I’m in love. Have I mentioned that? It’s true. Strangely, it hasn’t been a long-term state of affairs for me, but very little has. I’ve been in love for a couple of years, and I have partners who are beyond worthy of that affection. Funny it has been such a short time in my life. Consider this rose:
Not a great picture of her, but it’s early in the spring and there isn’t much going on with roses just yet. This is Nozomi, a pale pink bud that opens white on a rambling, low ground-cover miniature type bush. She’s quite lovely in bloom, covered with pink buds, then white single blooms of 5 petals. She is also one of my longest ‘relationships’. lol. No kidding – I’ve had this rose since 1993. I purchased her as a young rooted cutting from Ralph Moore‘s Sequoia Nursery in Visalia, California at a very different time and place in my life. 20 years. I have no relationships with lovers, partners, or spouses with that kind of longevity, so far. I have very few friends who have been part of my experience for that long, and even family members with whom I am close have experienced vast stretches of lifetime without hearing from me at all. Connecting is sometimes difficult for me, and I suspect I have not done justice to the efforts of those who have tried to love me…but somehow I have managed to drag this rose through 7 moves, 2, states, 4 career changes, 3 long-term relationships, 3 in-ground locations, 5 different pots, 3 balcony gardens, a community garden and 20 years…there’s a lesson or a metaphor there, I’m just sure of it. lol.

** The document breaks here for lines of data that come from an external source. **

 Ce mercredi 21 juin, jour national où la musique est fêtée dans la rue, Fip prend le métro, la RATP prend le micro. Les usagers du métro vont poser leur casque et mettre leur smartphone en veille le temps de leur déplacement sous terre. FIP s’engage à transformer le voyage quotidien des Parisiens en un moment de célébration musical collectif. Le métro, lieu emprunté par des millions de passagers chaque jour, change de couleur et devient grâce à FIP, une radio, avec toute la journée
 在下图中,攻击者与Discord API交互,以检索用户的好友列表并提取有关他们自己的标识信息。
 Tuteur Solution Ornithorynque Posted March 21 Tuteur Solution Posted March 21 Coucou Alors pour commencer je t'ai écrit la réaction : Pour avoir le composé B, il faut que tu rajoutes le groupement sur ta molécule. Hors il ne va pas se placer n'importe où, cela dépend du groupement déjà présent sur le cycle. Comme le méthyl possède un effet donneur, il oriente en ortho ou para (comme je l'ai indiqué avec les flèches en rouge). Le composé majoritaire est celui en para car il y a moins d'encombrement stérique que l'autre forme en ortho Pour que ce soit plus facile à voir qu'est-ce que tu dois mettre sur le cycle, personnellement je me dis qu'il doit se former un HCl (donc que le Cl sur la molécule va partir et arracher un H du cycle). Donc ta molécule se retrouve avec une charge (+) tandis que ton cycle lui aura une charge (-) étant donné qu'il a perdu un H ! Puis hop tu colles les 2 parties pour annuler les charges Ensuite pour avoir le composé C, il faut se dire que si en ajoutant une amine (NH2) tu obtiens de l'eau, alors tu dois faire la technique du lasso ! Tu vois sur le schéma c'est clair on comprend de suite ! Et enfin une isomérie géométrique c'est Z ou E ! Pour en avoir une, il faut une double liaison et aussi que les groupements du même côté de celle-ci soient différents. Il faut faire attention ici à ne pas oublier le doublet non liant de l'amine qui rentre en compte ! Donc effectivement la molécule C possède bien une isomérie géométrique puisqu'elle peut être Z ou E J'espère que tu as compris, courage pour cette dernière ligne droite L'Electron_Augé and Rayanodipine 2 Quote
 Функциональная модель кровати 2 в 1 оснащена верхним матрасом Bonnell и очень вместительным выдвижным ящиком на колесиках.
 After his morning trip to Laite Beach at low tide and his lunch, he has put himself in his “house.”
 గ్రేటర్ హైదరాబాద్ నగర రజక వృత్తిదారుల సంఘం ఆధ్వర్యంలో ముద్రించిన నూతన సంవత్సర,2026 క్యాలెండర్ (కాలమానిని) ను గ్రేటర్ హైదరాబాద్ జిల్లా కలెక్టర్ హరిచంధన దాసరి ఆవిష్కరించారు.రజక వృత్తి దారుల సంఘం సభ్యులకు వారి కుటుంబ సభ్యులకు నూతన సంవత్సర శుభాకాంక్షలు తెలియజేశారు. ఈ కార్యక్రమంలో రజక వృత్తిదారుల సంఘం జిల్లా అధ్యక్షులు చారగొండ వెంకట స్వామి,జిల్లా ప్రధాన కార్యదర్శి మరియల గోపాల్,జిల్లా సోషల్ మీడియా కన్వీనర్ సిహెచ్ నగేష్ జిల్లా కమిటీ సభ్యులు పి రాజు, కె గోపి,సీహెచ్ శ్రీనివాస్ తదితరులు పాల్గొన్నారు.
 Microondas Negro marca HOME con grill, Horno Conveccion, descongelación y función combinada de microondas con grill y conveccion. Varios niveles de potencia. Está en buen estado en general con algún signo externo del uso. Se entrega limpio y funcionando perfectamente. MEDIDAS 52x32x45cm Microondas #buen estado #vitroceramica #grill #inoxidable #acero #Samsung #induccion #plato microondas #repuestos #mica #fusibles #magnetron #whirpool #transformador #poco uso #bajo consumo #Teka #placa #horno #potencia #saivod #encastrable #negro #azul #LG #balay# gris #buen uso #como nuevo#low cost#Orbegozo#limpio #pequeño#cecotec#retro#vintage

Yesterday was a festival of pain until quite late in the evening. This morning feels like a different world. I watched the spring closely as I walked in to the office this morning. I listened to birds singing. I smelled the fragrances of early blossoms opening along well manicured, landscaped walkways. I contemplated the impermanence of things, the passage of time, and what has remained of all the things that have been and wondered why so much of what I have clung to for so long has been all those things that hurt the most, instead of so many wonderful things that seem, instead, so fleeting. I thought about spaces and moments I have loved most deeply, both for the relationships, and for the settings. Some of my happiest moments have been in shared conversation with people dear to me, or interesting strangers. Connections. Words.
At home, I am creating a space for sharing conversations, and folding into it the understanding that being in a serene space often opens our hearts to being more vulnerable in our relationships, more candid in our conversations. There are roses, and a ton of flowers, and a small bistro table and chairs for two, and every day I bring my loving heart to this space to consider what is next. I am eager to be there, sitting with a friend or lover, sharing a latte and a moment of quiet conversation, building my history out of happier building blocks; mindful, serene, and compassionate.
I’m more than a little embarrassed to realize that ‘the way I feel’ in the garden, that ‘different something’ that I’ve noticed all along…is mindfulness. Damn. How did I not understand to take it out of the garden and into my life? Well, no reason to be annoyed with myself about it now, it’s beyond me to alter what already exists in my history. I am, however, eager to feel spring warm to summer and find myself with an iced coffee on the table, and next to me someone I love, sharing thoughts, and words, and continuing our history together.
As I said, I’m in love – and this morning, in my now, that feeling entirely includes how I feel about myself, my own heart, my own experience. I am an imperfect fragile vessel, and you will find my loving heart in the spring garden.





Your quiet spot looks lovely! My mom would call it a sitting garden.
Even when you’ve realized you ought, it isn’t always easy to bring tranquility out with you.